L'aura glaciale qui entourait Acheng commença à se dissiper. L'aîné secoua vigoureusement son corps et reprit rapidement conscience, titubant et demandant : « Grand frère, qu'est-ce que tu fais ? »
« Pourquoi me posez-vous cette question ? C’est moi qui devrais vous la poser ! Comment êtes-vous arrivé ici ? Ne vous avais-je pas dit d’aller acheter de l’essence ? Quelqu’un vous a-t-il agressé ? » demanda le chef d’une voix grave.
Le troisième frère cherchait lui aussi aux alentours pour voir si quelqu'un était là.
Acheng marqua une pause, puis secoua la tête, se remémorant soigneusement les événements avant de se souvenir enfin de ce qui venait de se passer. Il se toucha la tête, fronça les sourcils et dit
: «
Non, personne ne m’a agressé. J’ai juste trébuché et je suis tombé en arrivant…
» Après un instant de réflexion, Acheng ajouta
: «
Je me souviens maintenant. Le mois dernier, je dormais dans ma chambre quand je me suis soudainement levé pour uriner. J’ai trébuché et je suis tombé dans la salle de bain… non, non, je n’ai pas trébuché, mais je me suis évanoui. Il semble que ce soit la même chose qui vient de se produire. Je suppose que je suis peut-être un peu anémique, alors je m’évanouis de temps en temps.
»
L'aîné renifla et dit : « Si jeune, comment as-tu pu attraper cette maladie ? Dans notre métier, la santé est primordiale. »
Après avoir dit cela, le frère aîné fit signe au troisième frère et dit : « Troisième frère, inutile de vérifier, il n'y a personne ici. »
L'aîné avait pratiquement écarté la possibilité d'une attaque ou d'une embuscade
; il semblait qu'Ah Cheng s'était simplement évanoui et cherchait les ennuis. Après un moment de réflexion, il dit avec colère
: «
Troisième frère, prends le bidon, va à la station-service et achète de l'essence. Ah Cheng et moi t'attendrons dans la voiture. Vas-y vite et reviens vite.
»
Le troisième frère répondit, puis ramassa le bidon par terre et se dirigea vers la station-service.
À une vingtaine de mètres d'eux, Zhou Xuan attira Yu Qi contre lui et se cacha silencieusement derrière eux.

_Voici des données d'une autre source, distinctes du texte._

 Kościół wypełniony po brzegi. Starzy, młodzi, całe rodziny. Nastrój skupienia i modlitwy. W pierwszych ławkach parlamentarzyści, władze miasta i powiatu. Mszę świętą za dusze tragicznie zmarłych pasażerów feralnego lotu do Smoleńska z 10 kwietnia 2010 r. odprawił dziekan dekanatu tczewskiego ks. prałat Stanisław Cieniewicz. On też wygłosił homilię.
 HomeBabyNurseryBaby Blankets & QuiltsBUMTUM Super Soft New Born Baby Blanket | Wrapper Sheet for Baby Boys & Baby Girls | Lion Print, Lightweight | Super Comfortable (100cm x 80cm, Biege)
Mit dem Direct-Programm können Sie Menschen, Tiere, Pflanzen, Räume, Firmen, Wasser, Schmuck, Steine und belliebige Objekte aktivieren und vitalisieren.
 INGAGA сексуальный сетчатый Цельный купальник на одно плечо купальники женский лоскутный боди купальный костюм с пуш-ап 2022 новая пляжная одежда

Yu Qi entendit la conversation des membres du gang et, terrifiée, elle tremblait.
Zhou Xuan utilisa son pouvoir de flamme solaire pour dissiper la majeure partie du froid qui étreignait Yu Qi. Celle-ci ressentit seulement un léger réchauffement, sans se douter que c'était Zhou Xuan qui en était à l'origine. Ses frissons disparurent sans qu'elle s'en aperçoive.
Zhou Xuan murmura à Yu Qi : « Passons par là, mais fais attention à ne faire aucun bruit. »

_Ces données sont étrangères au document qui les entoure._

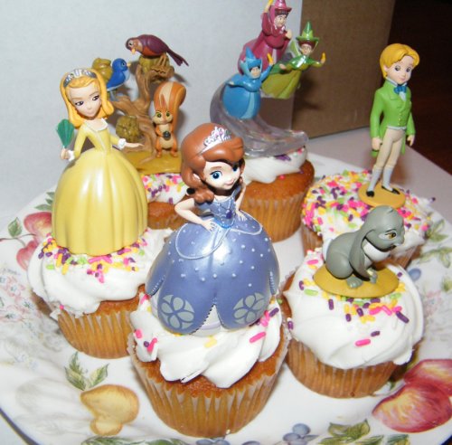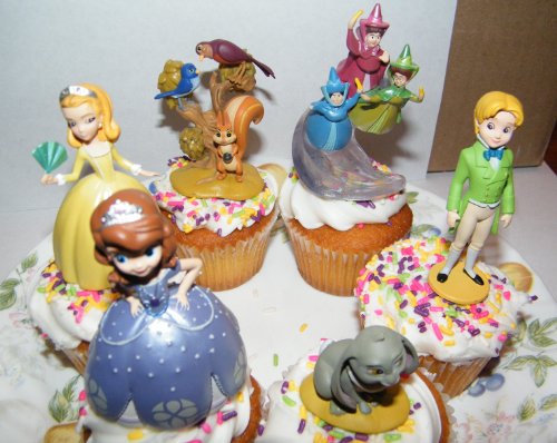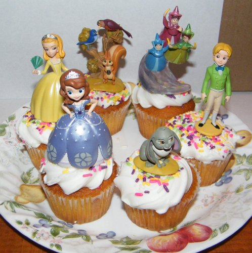 This listing is for 6 colorful cake/cupcake toppers from the popular new Disney show Princess Sophia the First! These nicely detailed figures will help make your cake a big hit with any Disney fan. You get all the popular characters including Princess Sophia the First in a light blue ball gown with a crown tiara, Princess Amber in a yellow ball gown, Prince James, Clover the Rabbit, her 3 woodland friends Mia the Bluebird, Poppy the Robin and Whatnot the squirrel and lastly the 3 fairies Flora, Fauna and Merryweather!
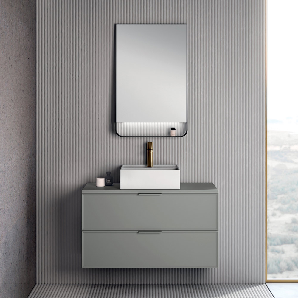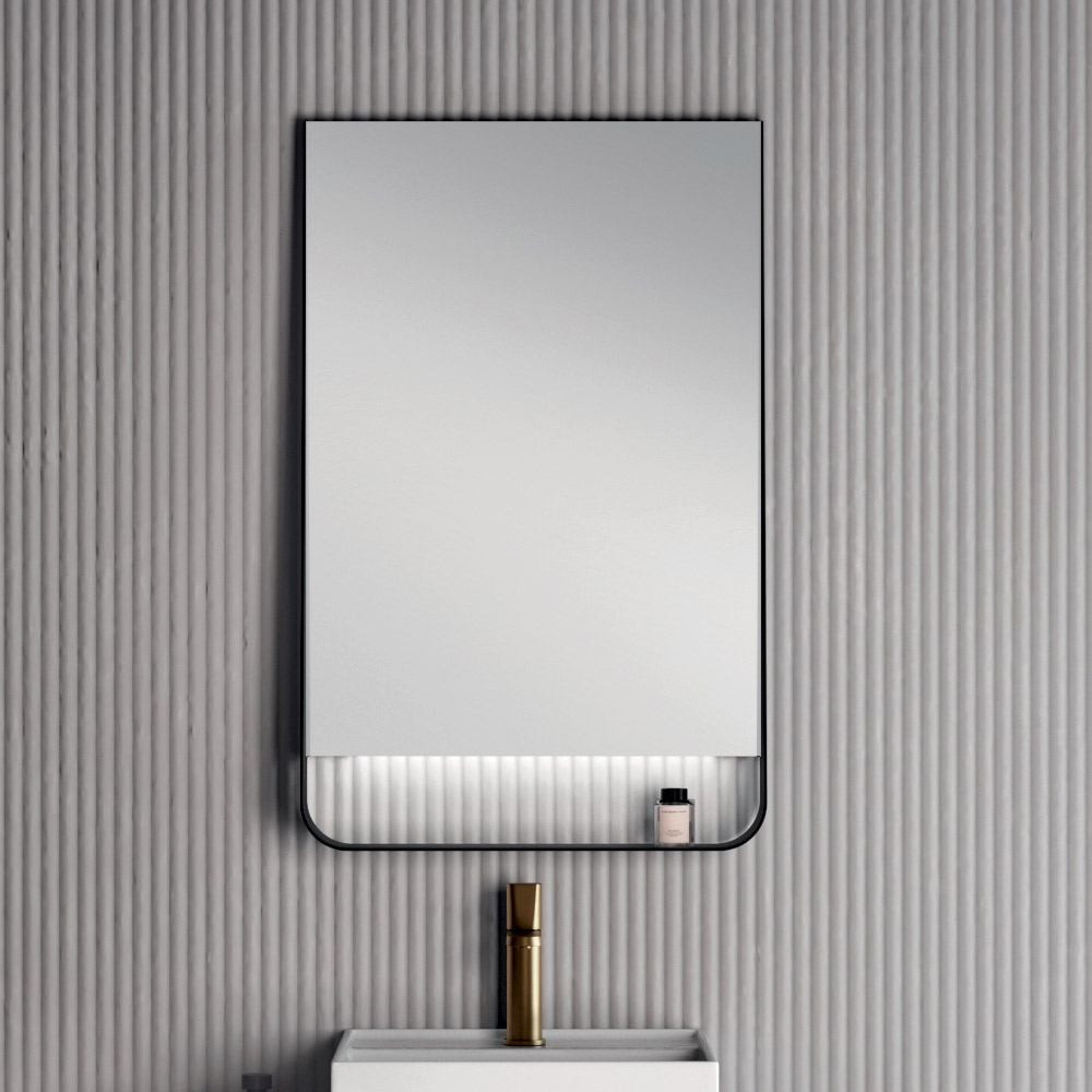 Der LED-Badezimmerspiegel Wing mit mattschwarzem Rahmen rundet das Ensemble ab. Er ist ein Element mit starker Persönlichkeit, das für eine funktionale und zugleich dekorative Beleuchtung sorgt und den gesamten Waschbeckenbereich aufwertet.

Yuqi suivit Zhou Xuan avec appréhension le long de la route. Heureusement, ils ne dérangeèrent ni le patron ni Acheng. Une fois sur l'autoroute, ils la traversèrent.
Alors que Zhou Xuan explorait les environs, il arriva à une bifurcation. Un chemin ramenait à la ville, tandis que l'autre menait au bord de la mer, où son navire était amarré.

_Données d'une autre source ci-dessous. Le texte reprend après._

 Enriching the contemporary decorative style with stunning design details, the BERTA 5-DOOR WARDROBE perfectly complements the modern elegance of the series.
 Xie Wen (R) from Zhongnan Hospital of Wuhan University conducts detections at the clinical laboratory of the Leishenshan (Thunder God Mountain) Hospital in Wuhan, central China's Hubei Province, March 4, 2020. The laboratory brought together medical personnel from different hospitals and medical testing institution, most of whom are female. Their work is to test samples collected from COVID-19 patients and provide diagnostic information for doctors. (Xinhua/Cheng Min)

Zhou Xuan sortit son téléphone de son sac en plastique et regarda l'heure
: il était presque dix heures. Fu Gui avait rendez-vous avec lui à dix heures. Après un instant de réflexion, il dit
: «
Mademoiselle Yu, si vous prenez cette route, vous n'aurez pas affaire aux voyous qui vendent de l'essence. Vous pourrez ensuite faire du stop pour rentrer. Ces trois malfrats ne sauront pas que vous êtes encore en vie, vous serez donc en sécurité.
»
« Non, non, non ! » Yuqi saisit soudain fermement le bras de Zhou Xuan et dit d'une voix urgente : « Je ne peux pas te quitter. Ce serait dangereux pour moi de rentrer maintenant. Je dois rester avec toi et me cacher. »
Zhou Xuan fut interloqué. Yu Qi poursuivit : « Tu l'as entendu toi aussi. Celui qui m'a fait du mal était mon deuxième frère, et je n'en suis même pas sûre. Le véritable coupable est peut-être quelqu'un d'autre. Je suis dans une situation très dangereuse, je te supplie donc de me laisser rester quelques jours. Je ne pourrai rentrer chez moi qu'une fois la vérité élucidée. »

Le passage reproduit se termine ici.